Cleveland - Activities
Enjoy a game with the world's best sports fans. Cleveland is home to the longest span of sold out baseball games (5 consecutive seasons in the late 1990s), the largest major league baseball attendance (72,086 on 8/9/1981) and the birthplace of Monday Night Football (9/21/1970). But given its storied sports past coupled with its weathered but dedicated fan base, ESPN named Cleveland the "Most Tortured Sports City". Terms like The Drive, The Fumble, The Shot, 2 More Outs will ring in the ears of Cleveland Sports Fans for generations to come. Win or lose, Clevelanders (obviously) just love sports.
• Baseball. MLB: Cleveland Indians. Many consider Jacobs' Field ("The Jake") the gem of the American League (per Travel World International Magazine).
• Basketball. NBA: Cleveland Cavaliers. Home to the "King of the NBA", LeBron "King" James.
• Football. NFL: Cleveland Browns. Someone tried to take away this Football town's pride and joy. But the Browns didn't go to the birds, they're right back in BrownsTown.
• Hockey. AHL: Cleveland Barons. The NHL has been flirting with Cleveland since the original NHL Barons were merged into the Stars. In the meantime, we've been watching exciting minor league hockey.
• Soccer. MISL: Cleveland Force. Indoor Soccer has never experienced more success or attendance than in Cleveland. "May the Force be with you."
• College. Horizon League: Cleveland State University.

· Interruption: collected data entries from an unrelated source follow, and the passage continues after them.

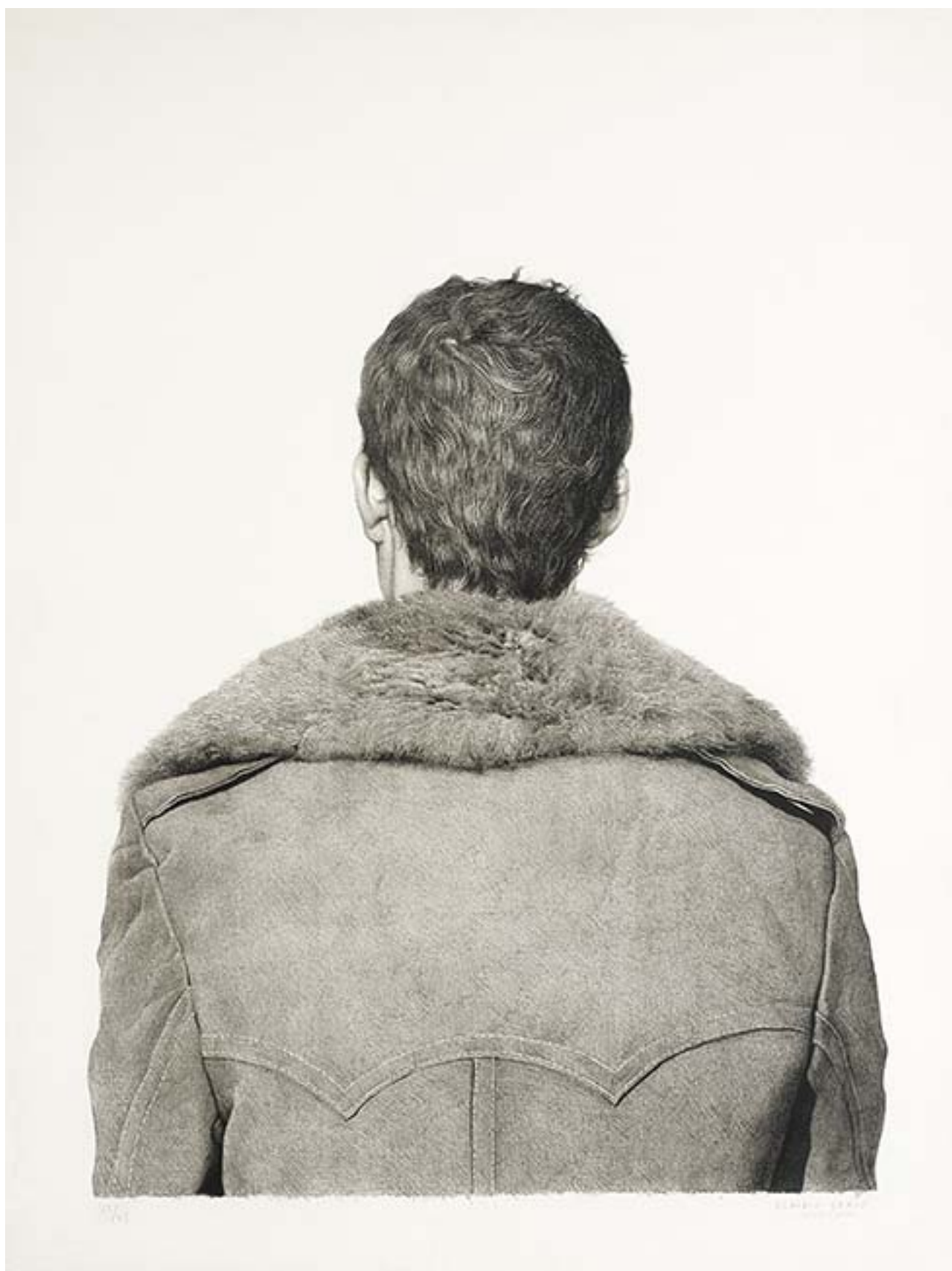
ABRIGO DE PIEL, REVERSO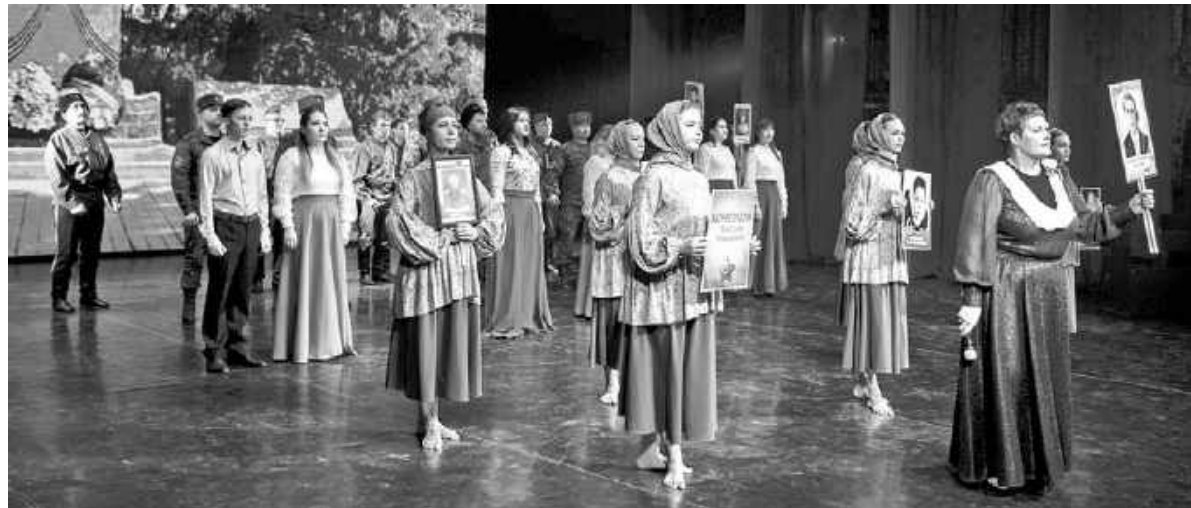
Асиновцы представили на конкурс театрализованную программу «Санька. История одного подвига». На фото — финальный выход.

Областной конкурс патриотических тематических программ «Муза, опалённая войной» открыл XIII Губернаторский фестиваль народного творчества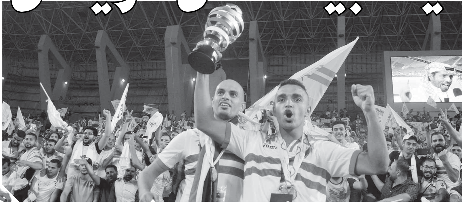
أوياما يرفع كأس السوبر

• No "mistake" about it! - Lake Erie. The shallowest and warmest Great Lake (with the most vibrant fishery) defines Cleveland's north border and provides many opportunities for boating, fishing, swimming and walks. Cleveland boasts more miles of shoreline than any other city in the world, providing enjoyment from before Memorial Day to past Labor Day for boaters, fishermen and beach bums. Sailers, boaters, waverunners and jet skiers enjoy the lake with marinas, piers and boat launches available all along America's North Coast. Fishing is popular more than three seasons of the year with healthy populations of Walleye and Perch in Lake Erie. In the late fall and early winter, anglers pursue steelhead trout in the many rivers feeding Lake Erie up through Northeast Ohio and into Pennsylvania and Western New York.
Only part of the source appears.